Find "下 述 画面中读取夹持吸嘴信息文件。" below and begin at its line; stop after the line with "Now we have". Output those lines exactly, without pictures.

Material provided —
======
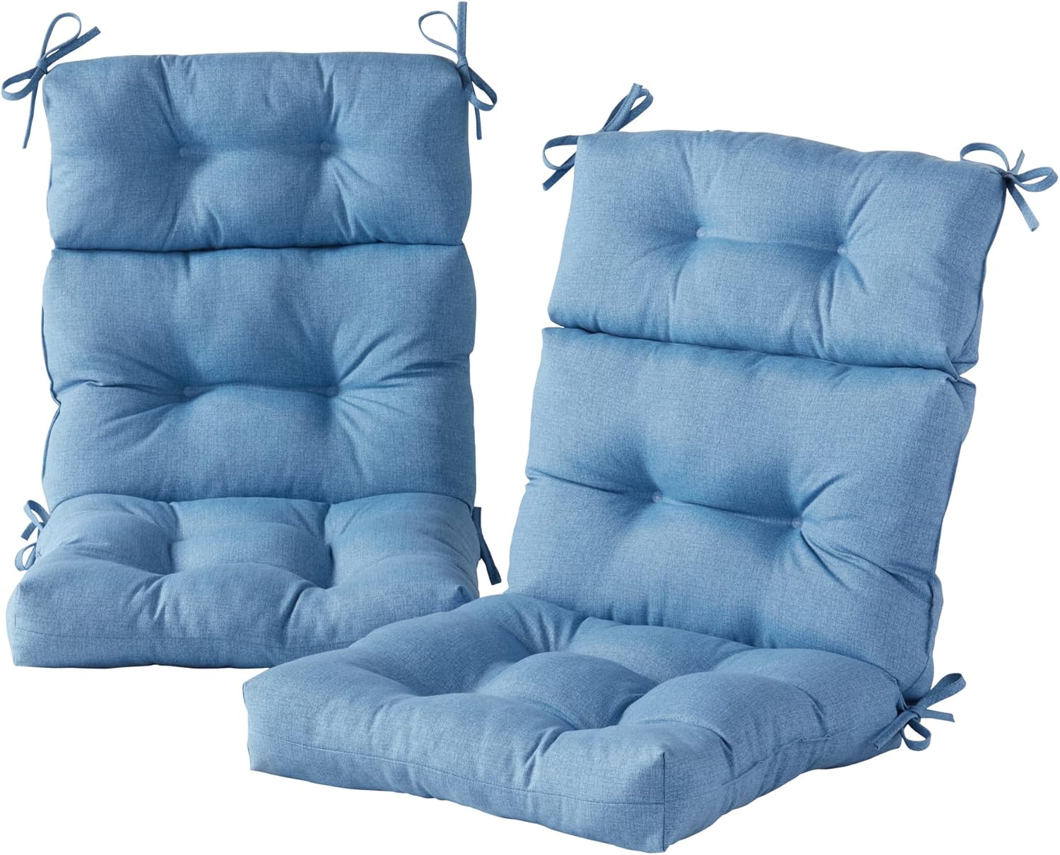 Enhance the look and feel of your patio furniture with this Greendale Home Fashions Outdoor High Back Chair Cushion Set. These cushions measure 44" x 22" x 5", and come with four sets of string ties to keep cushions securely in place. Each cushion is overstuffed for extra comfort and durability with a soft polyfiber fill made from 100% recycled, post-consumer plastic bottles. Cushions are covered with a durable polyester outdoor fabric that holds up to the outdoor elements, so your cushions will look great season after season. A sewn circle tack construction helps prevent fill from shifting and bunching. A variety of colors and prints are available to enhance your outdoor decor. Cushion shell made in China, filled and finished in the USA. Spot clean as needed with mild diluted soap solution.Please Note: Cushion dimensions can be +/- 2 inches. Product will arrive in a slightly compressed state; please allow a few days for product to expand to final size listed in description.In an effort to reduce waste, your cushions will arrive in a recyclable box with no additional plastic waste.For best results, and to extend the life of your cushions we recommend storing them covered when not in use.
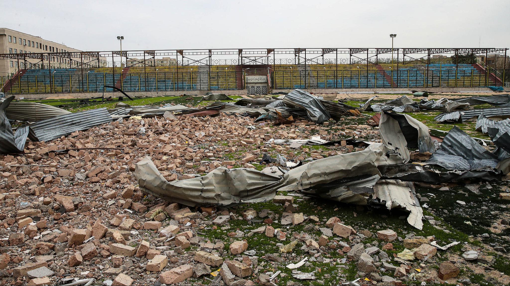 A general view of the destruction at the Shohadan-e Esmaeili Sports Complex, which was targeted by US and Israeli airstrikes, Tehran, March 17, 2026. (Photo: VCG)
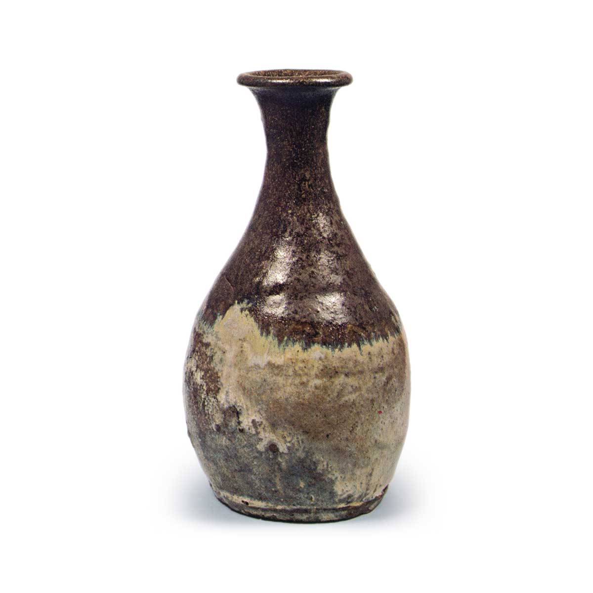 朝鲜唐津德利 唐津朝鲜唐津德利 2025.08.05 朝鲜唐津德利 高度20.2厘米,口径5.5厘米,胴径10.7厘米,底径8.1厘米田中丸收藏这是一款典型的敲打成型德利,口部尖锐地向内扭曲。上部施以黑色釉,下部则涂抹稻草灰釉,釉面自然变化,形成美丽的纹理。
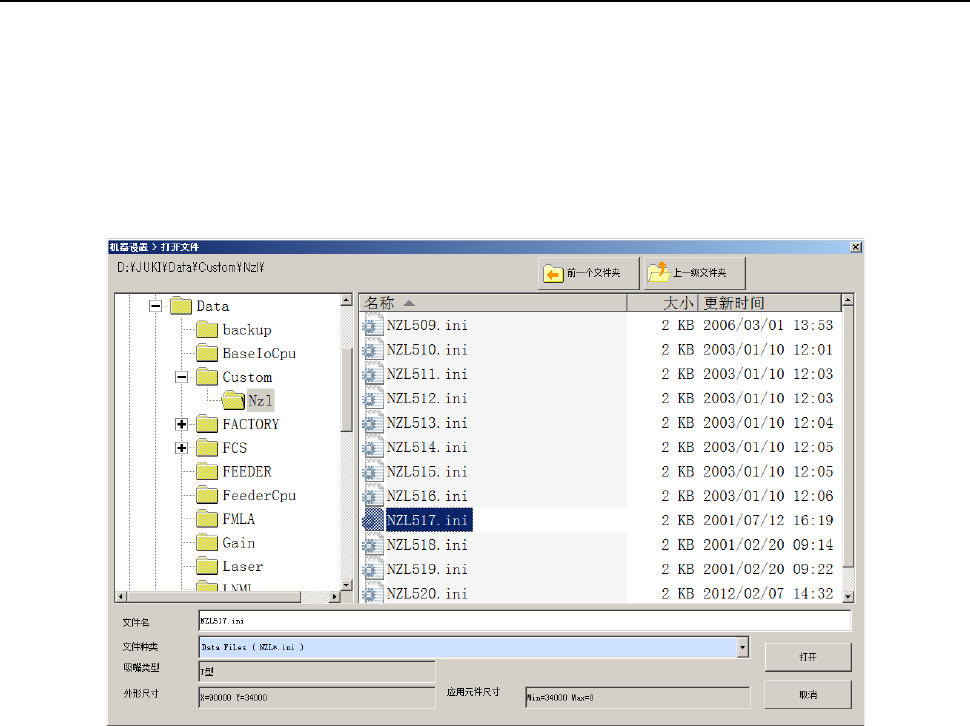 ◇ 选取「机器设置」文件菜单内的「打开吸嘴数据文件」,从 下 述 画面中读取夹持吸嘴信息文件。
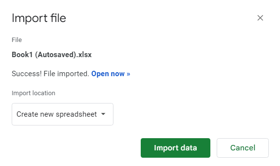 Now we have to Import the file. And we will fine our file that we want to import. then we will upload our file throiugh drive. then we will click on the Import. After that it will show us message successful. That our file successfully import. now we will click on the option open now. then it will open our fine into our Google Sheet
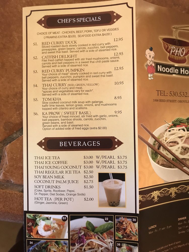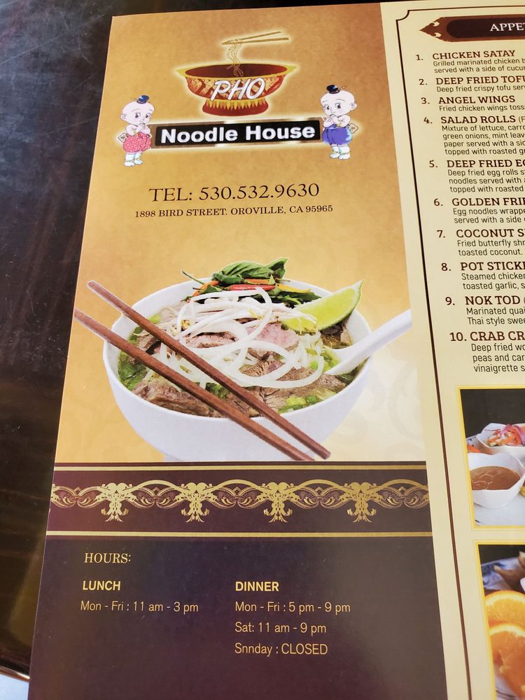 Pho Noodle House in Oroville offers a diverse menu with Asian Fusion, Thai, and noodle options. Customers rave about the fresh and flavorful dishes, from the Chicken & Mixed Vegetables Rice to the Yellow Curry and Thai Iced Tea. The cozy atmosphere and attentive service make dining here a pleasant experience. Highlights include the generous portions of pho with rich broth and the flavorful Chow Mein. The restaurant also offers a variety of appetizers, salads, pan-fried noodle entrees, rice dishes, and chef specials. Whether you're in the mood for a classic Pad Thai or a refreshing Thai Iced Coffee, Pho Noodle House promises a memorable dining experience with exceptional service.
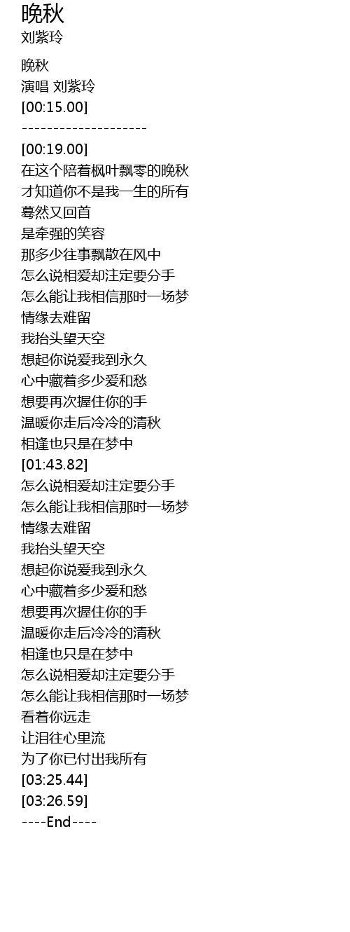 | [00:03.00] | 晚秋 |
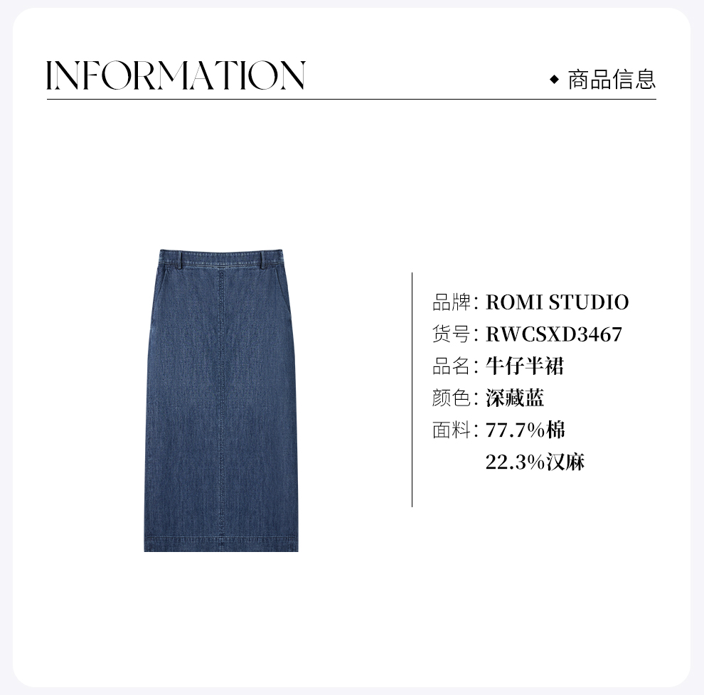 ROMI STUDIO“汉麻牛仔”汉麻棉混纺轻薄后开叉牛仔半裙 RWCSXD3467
======
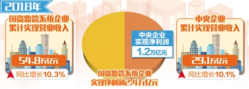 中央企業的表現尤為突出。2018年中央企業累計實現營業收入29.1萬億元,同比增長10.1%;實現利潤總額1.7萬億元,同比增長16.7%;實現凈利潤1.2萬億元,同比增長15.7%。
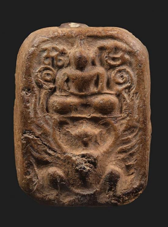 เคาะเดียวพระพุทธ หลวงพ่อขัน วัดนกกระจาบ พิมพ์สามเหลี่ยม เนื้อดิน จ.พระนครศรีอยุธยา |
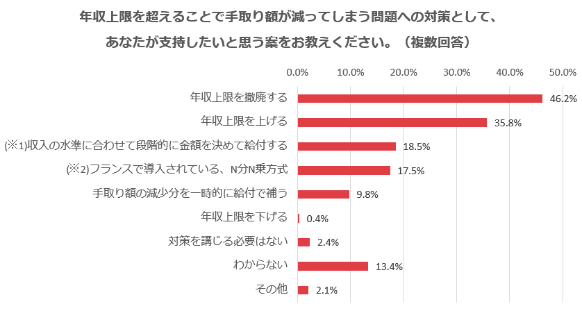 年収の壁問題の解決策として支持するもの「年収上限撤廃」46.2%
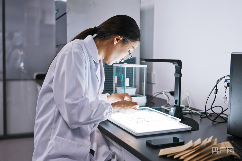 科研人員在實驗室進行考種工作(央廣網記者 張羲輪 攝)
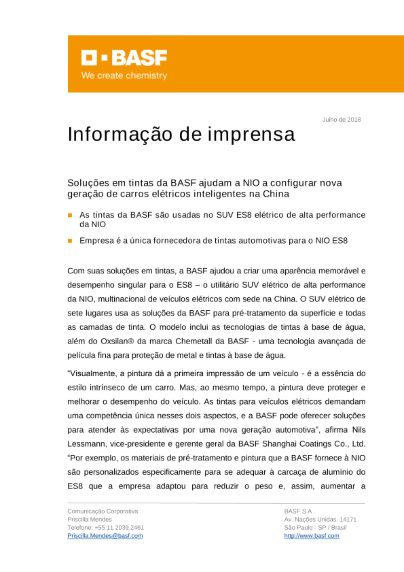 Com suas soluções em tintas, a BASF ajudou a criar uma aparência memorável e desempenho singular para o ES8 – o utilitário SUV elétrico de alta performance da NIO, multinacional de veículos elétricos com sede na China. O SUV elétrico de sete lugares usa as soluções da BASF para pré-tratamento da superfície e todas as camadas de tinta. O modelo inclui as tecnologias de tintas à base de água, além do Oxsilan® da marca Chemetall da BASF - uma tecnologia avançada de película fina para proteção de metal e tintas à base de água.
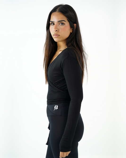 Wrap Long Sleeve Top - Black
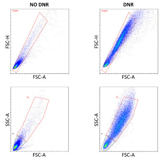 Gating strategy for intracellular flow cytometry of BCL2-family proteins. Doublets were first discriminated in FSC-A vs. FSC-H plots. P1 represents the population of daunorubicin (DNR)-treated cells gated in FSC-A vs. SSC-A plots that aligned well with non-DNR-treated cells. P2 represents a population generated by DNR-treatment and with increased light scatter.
======
Answer space —
 ◇ 选取「机器设置」文件菜单内的「打开吸嘴数据文件」,从 下 述 画面中读取夹持吸嘴信息文件。
 Now we have to Import the file. And we will fine our file that we want to import. then we will upload our file throiugh drive. then we will click on the Import. After that it will show us message successful. That our file successfully import. now we will click on the option open now. then it will open our fine into our Google Sheet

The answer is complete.